===== Data for this task =====

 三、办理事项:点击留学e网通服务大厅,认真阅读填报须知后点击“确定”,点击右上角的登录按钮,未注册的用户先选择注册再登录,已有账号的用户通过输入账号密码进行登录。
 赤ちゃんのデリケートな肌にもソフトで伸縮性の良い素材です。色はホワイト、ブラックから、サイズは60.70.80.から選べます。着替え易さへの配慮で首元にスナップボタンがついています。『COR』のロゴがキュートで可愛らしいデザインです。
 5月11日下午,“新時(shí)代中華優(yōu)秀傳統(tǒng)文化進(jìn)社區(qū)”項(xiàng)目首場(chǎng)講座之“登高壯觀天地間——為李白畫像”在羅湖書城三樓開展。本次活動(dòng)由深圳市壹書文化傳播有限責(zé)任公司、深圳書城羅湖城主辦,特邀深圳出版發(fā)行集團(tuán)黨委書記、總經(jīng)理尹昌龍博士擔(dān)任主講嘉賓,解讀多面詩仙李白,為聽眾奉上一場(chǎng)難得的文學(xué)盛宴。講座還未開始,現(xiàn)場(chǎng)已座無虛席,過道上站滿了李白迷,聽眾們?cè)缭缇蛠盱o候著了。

=====
===== Data for this task =====

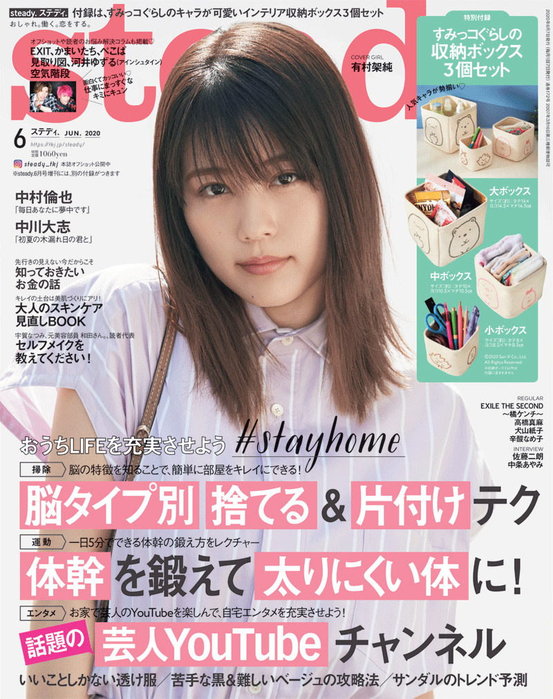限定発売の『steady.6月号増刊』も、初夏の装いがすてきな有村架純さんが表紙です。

=====
===== Data for this task =====

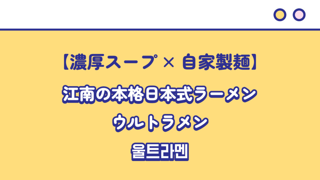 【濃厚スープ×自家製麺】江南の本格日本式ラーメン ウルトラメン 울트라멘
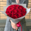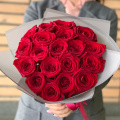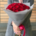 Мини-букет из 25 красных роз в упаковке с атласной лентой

=====

» Assignment:
Above are the records; from them, give again exactly the lines from the one containing "三、办理事项:点击留学e网通" to the one containing "赤ちゃんのデリケートな肌にも", both lines included, and nothing more.

» Answer for this exercise:
 三、办理事项:点击留学e网通服务大厅,认真阅读填报须知后点击“确定”,点击右上角的登录按钮,未注册的用户先选择注册再登录,已有账号的用户通过输入账号密码进行登录。
 赤ちゃんのデリケートな肌にもソフトで伸縮性の良い素材です。色はホワイト、ブラックから、サイズは60.70.80.から選べます。着替え易さへの配慮で首元にスナップボタンがついています。『COR』のロゴがキュートで可愛らしいデザインです。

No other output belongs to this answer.